Text > HTML Contents Table
==========================
This reads an input file and creates an HTML file containing a table.  Each 
line of the input file is inserted 3 times to create an entry of the form 
"<TR><TD><B>line</B></TD><TD><LI><A HREF="line">line</A></TD></TR>".


Text > HTML Table Data
======================
This also reads an input file and creates an HTML file containing a table.  
However, the input file should be a tab-delimited text file (usually exported 
from a spreadsheet file) and there should be no more than 1 tab character 
separating the fields.


HTML > Text
===========
In this mode, an HTML input file is read to produce an output file with the 
HTML tags stripped.  Processing procedes as follows:

- When gTextCvt encounters a '<' character, a flag is set indicating that we 
  are now inside of an HTML tag.  The following characters are ignored until a
  '>' is encountered.
- When gTextCvt encounters a '>' character, the "In Tag" flag is cleared and 
  the following characters are written to the output file until the next '<'.
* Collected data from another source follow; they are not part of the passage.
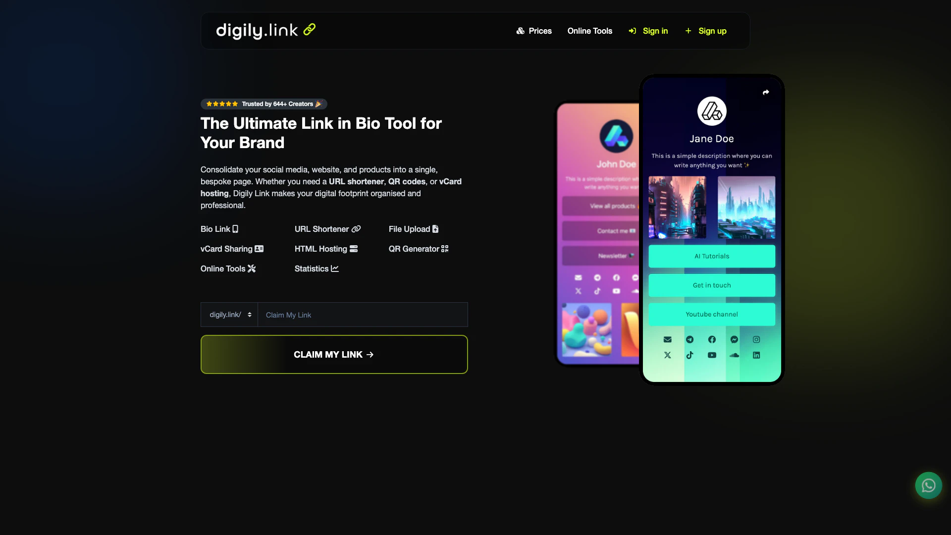 Digily Link là một nền tảng quản lý liên kết chuyên nghiệp được thiết kế để đơn giản hóa và nâng cao sự hiện diện kỹ thuật số của bạn. Nó cho phép người dùng hợp nhất nhiều liên kết thành một liên kết tiểu sử hoàn toàn tùy chỉnh, giúp dễ dàng chia sẻ nội dung qua nhiều kênh khác nhau. Điều này đặc biệt có giá trị cho cá nhân và doanh nghiệp muốn tối ưu hóa hồ sơ mạng xã hội hoặc nỗ lực tiếp thị trực tuyến của họ. Nền tảng cũng cung cấp phân tích chi tiết về số lần nhấp vào liên kết, giúp người dùng hiểu rõ hơn về hành vi và sở thích của khán giả. Với hỗ trợ cho tên miền thương hiệu và các tùy chọn cá nhân hóa nâng cao, Digily Link cho phép người dùng tạo ra một danh tính kỹ thuật số đáng nhớ và hiệu quả.
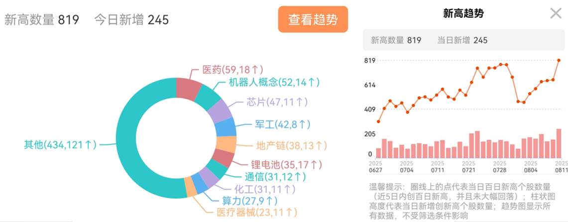 从百日新高,判断板块轮动节奏还是比较准的,昨日的百日新高数据重回升势,目前是在医药>机器人芯片>(自主可控)>军工,医药板块重回C位
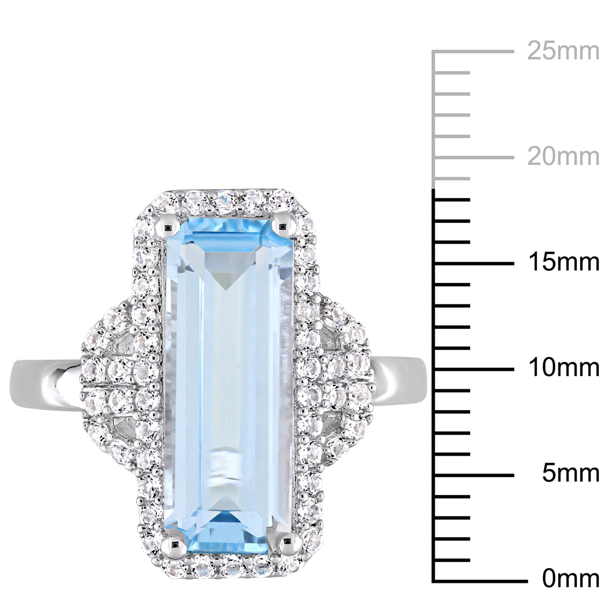 Crafted in sterling silver with 3 3/4-carat octagon-cut blue topaz and 50 prong-set round-cut white topaz (1/2 cttw total). Ring setting dimensions: 5.7mm wide x 20.8mm long x 4.6mm high. Band width: 1.6mm.
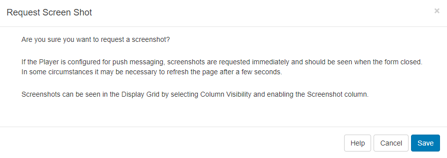 By requesting a screenshot from a Display with ‘auditing’ enabled, you are also requesting an additional log message that will contain status information to be sent.
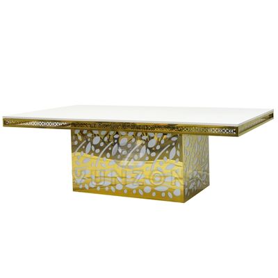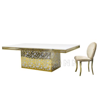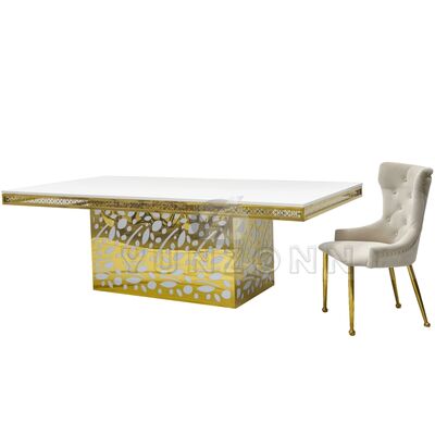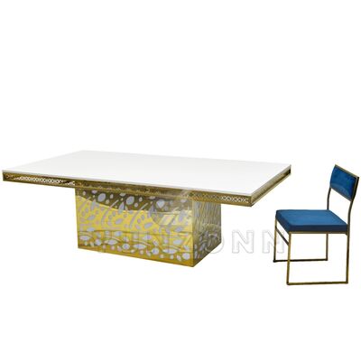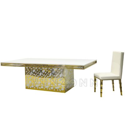 バンケット、レストラン、パーティー向けの高級ホテルステンレススチールクリスタルペンダントゴールデンガラスウェディング&イベントダイニングテーブル |
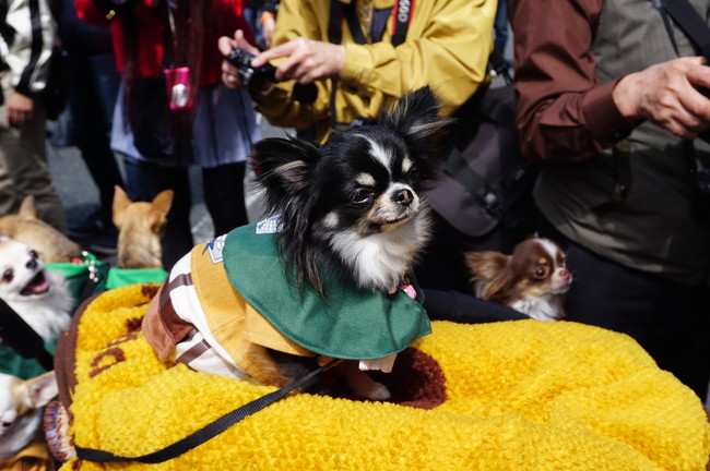 Some of the stars of the festival though were cosplaying pets, such as these strollers of dogs all dressed in Survey Corps outfits.
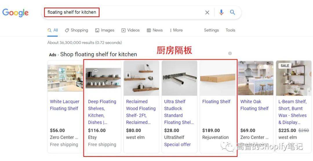 如果不清楚"floating shelf for kitchen"具体是指的什么产品,就放到google shopping里查下。
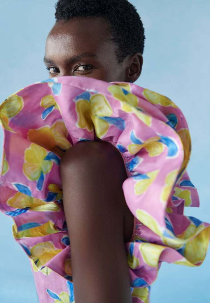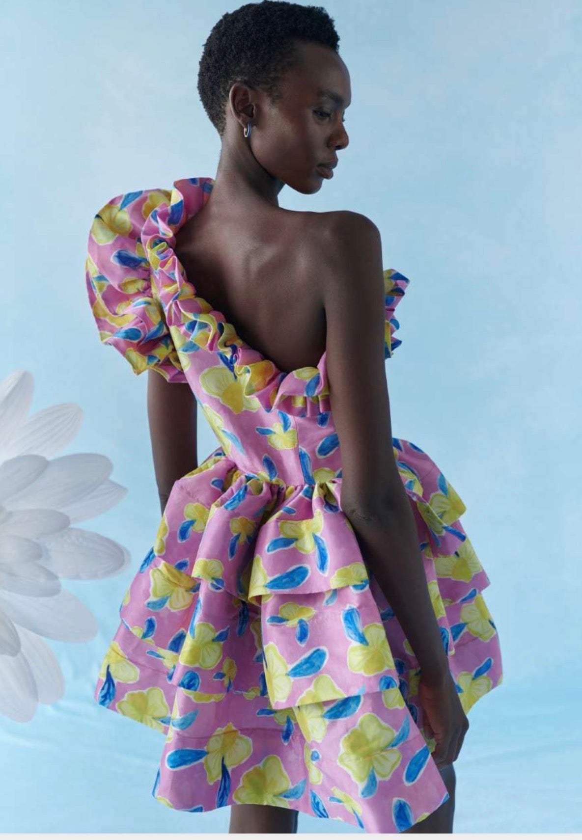 Looking for a cocktail dress? This Floral Baltic short dress is perfect. Short, ruffled skirt, one-sleeve, this piece is perfect to make a statement entrance. With a flattering figure, cinched at the waist and then a ruffled short skirt.
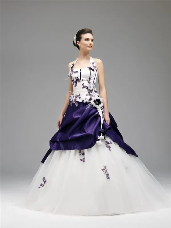 Beautiful White Long Felted Wedding Dress With Purple Details Wedding Dresses White And Purple
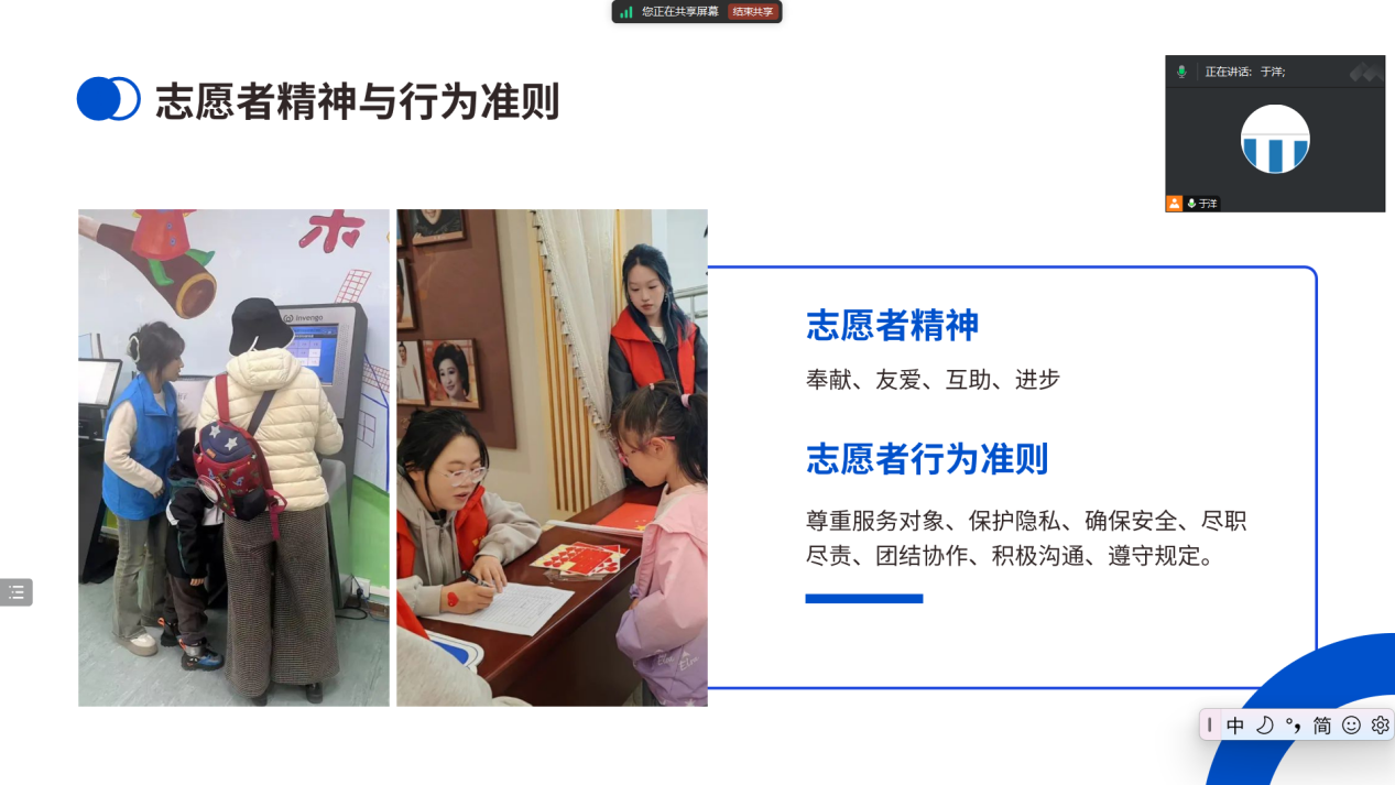 会议伊始,主讲人于洋向志愿者们讲解了志愿服务的理念、基本常识、志愿技巧和注意事项。随后,于洋强调,在志愿服务中务必注意安全,以及明确突发情况的解决方法。她结合实际案例与大家进行深入讨论,使志愿者们能够更加容易理解和掌握相关知识与技能。从如何与服务对象沟通交流,到如何应对突发情况;从志愿服务的礼仪规范,到团队协作的重要性,每一个环节都让志愿者们受益匪浅。
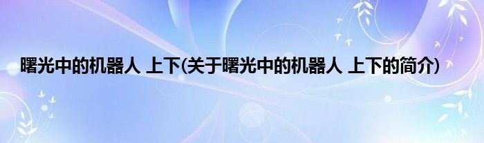 曙光中的机器人 上下(关于曙光中的机器人 上下的简介)
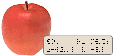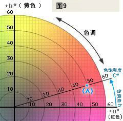 | L*C*h色空間使用與L*a*b*色空間一樣的色度圖,但是它使用柱面坐標(biāo)而不是直角坐標(biāo)。 在該色空間中,L*代表亮度且與L*a*b*色空間中的L*相同,C*為色飽和度,h為色調(diào)角。 在圓心處色飽和度C*的值為0,離圓心越遠(yuǎn)C*值越大。 色調(diào)角被規(guī)定為從+a*軸開始并以度數(shù)表示: 0為+a*(紅),90為+b*(黃),180為-a*(綠),270為-b*(藍(lán))。 如果我們用L*C*h色空間來(lái)測(cè)量蘋果的顏色,我們將得到下列結(jié)果。 如果我們把這些值描繪在圖9上,我們就得到點(diǎn)(A)。 |

Note: If the HTML input file contains '<' or '>' characters which are not used 
to specify HTML tags, the characters should be replaced with "&lt;" (less than) 
and "&gt;" (greater than) strings (or any other unique strings) which can later 
be replaced with '<' and '>'.


==============================================================================
 Miscellaneous Notes
==============================================================================

The File|Save menu item writes the current contents of the editor to the file 
named in the 'Src' field, NOT the file named in the 'Dst' field.  The file or 
directory named in the 'Dst' field is used as the destination path when the 
[Convert] button is pressed.  It's important not to confuse the two.